By the time they got back to her house, they still hadn’t settled the matter of whether to get married. But she was serious about wanting to see if he could be faithful. He certainly never had been in his entire life. She wanted to give it a few months to find out. She was talking about moving to Paris with him, if he behaved, by the end of the year. They could decide whether to get married after that. And in the meantime, they could enjoy each other. He offered to stay in New York for the next few months, where they could work on the book together.
He walked her into the house, and everything happened naturally after that. They wandered into her bedroom, their clothes seemed to disappear, and they wound up in bed in each other’s arms. And as he reached out to her, they felt as though they had been together all their life, and would be for the next hundred years. She felt like a girl again in his arms.

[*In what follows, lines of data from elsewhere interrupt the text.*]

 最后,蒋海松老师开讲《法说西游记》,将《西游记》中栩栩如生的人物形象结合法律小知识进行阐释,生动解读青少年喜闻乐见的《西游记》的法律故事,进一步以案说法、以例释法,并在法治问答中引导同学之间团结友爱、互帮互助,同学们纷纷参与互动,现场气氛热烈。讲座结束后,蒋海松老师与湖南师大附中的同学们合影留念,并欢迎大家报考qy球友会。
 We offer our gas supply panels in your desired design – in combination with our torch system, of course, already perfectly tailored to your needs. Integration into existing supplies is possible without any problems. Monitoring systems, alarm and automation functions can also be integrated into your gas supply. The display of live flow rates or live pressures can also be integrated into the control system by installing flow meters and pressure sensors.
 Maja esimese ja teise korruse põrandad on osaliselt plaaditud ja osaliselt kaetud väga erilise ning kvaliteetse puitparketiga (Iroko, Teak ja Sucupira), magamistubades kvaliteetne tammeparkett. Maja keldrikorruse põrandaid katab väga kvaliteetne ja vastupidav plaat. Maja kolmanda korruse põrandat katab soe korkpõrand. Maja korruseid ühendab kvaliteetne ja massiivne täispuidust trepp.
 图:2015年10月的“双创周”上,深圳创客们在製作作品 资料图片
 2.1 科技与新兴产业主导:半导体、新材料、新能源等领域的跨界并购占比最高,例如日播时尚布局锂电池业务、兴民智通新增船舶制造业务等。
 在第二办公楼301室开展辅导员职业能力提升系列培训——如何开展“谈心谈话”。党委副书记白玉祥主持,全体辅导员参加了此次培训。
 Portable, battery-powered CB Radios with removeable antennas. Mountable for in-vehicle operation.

Chris’s time with his family was just what Ian needed, and it did Chris a great deal of good too, especially this year. Ian got to be a child again, playing with his cousins, and swimming every day. He learned to water-ski, and he made lots of new friends. It was so easy and carefree and normal that he almost forgot his mother was in jail. She called him once a week. And Chris dreaded the calls. They brought Ian back to reality and reminded him of all the pain he’d been through, all of it because of his mother. Chris was still furious with her for dragging Ian through it. But at the Vineyard, their wounds seemed to heal, although Chris’s conversations with his parents about Ian’s mother were always difficult for him. They thought Ian should be entirely removed from his mother, even if that meant sending him to boarding school, which Chris refused to even consider. Ian was far too young and Chris wanted his son with him. His parents didn’t agree.

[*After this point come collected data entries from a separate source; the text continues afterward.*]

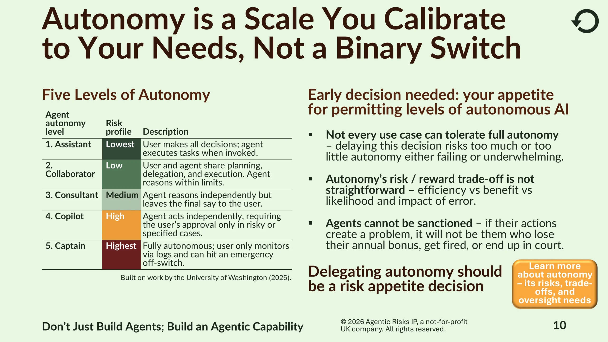 Autonomy is a scale you calibrate to your needs, not a binary switch. A practical model of autonomy has five levels, ranging from Assistant (lowest risk, with the user making all decisions) to Captain (highest risk, fully autonomous). Because not every use case can tolerate full autonomy, how much autonomy you will permit should be an early risk appetite decision.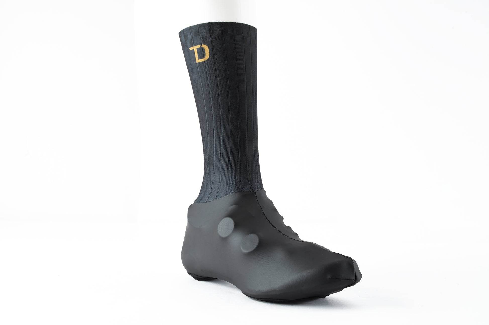 When every second counts - AeroFit Shoe Covers provide a smooth, aerodynamic flow around the shoe, with a high cuff sock that continues the aero benefits. Made from a PU-coated stretch fabric, the AeroFit Shoe Cover will provide a snug fit over your shoe.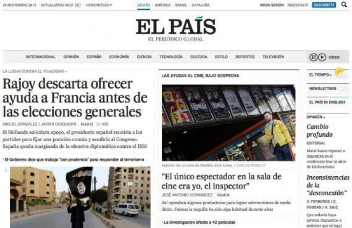 "Francia suma apoyos contra el Estado Islámico", concluye El Periódico tras el apoyo del premier británico al presidente francés. Sin embargo, Le Figaro analiza la postura de algunos de los eventuales aliados y concluye que ninguno de ellos lo tiene tan claro. Por ejemplo, "Estados Unidos espera saber más de las intenciones francesas"; "Moscú juega la carta francesa para poner en evidencia a Washington" y "la opinión alemana reticente a una intervención militar". ¿Y en España? "El Gobierno descarta ofrecer ayuda a Francia antes de las elecciones", leemos en El País, que explica que "si Hollande solicitara apoyo, Rajoy intentaría buscar una posición común con los partidos y acudiría al Congreso". El motivo, explica Fernando Garea, es que no quiere un "no a la guerra" como el que llevó a Aznar a realizar una pésima gestión tras los atentados del 11M.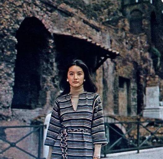 林青霞的审美眼光真不是一般人,在那个时代就已经get到了“叠穿”的精髓,外搭条纹样式的连衣裙,小小的V型开叉能够起到修饰脸型的作用,内搭一件高领针织衫,层次感雄厚又特别能衬托优雅气质,显得精致又高贵。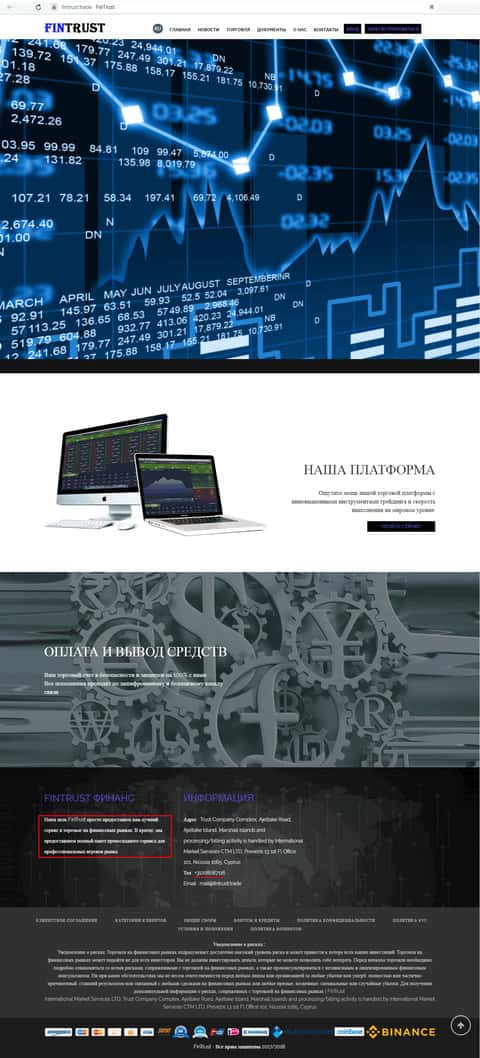 Выше представлен, собственно сайт ЮС Трейд. Ниже будет приведёт его собрат, некий FinTrust, о котором есть статья и на нашем сайте. Обе эти конторы идентичны, вплоть до дизайна, мобильного номера, данного в разделе контактов, и самого текстового наполнения сайтов. Различаются только адреса, наиболее вероятно, фейковые. Это подтверждает то, что US-Trade Cash – одна из десятков однотипных контор, имеющих одних хозяев и созданные для массированного развода людей русскоязычных стран.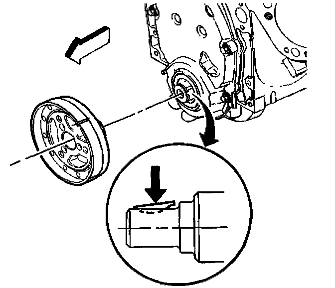 2. Apply a small amount of adhesive GM P/N 12346141 (Canadian P/N 10953433) or equivalent, onto the crankshaft balancer keyway in order to seal the crankshaft balancer keyway and crankshaft joint.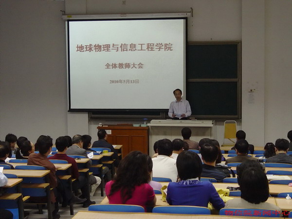 5月13日下午,地球物理與信息工程學院全體教師大會在新綜合樓第四階梯教室召開。學校相關部門負責人和物信學院全體教師參加了此次大會。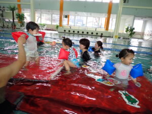 足を動かして泳ぐことができましたね。

“You’re not providing a proper home for him,” his mother said sternly one afternoon after lunch, after Ian scampered off. “I don’t understand why, but you’re not. You’re living in a house full of people, with ‘roommates,’ or a commune of some kind, like a student. You have a child, Chris, and if you can’t provide a proper home for him, you should send him away to school. Or at least get your own apartment and a nanny to take care of him. And the farther away you get him from his mother, the better off he’ll be. He should see as little of her as possible.” Chris didn’t disagree with that, but he was violently opposed to all the rest, and Ian was his son, not theirs. It was easy for them to sit on the sidelines and criticize him. They weren’t the kind of grandparents to want hands-on involvement, but they felt they had every right to comment on how Chris was bringing Ian up, and they didn’t approve.
“I don’t live in a commune,” Chris said hotly, “and my housemates are wonderful, intelligent people, who add a whole other dimension to Ian’s life, much more than any nanny. I moved in for convenience before Ian came to live with me, because I wasn’t ready to set up an apartment, but now I see what these people add to Ian’s life. It would be a real loss to both of us if we moved.” He believed it profoundly, but his mother wasn’t convinced.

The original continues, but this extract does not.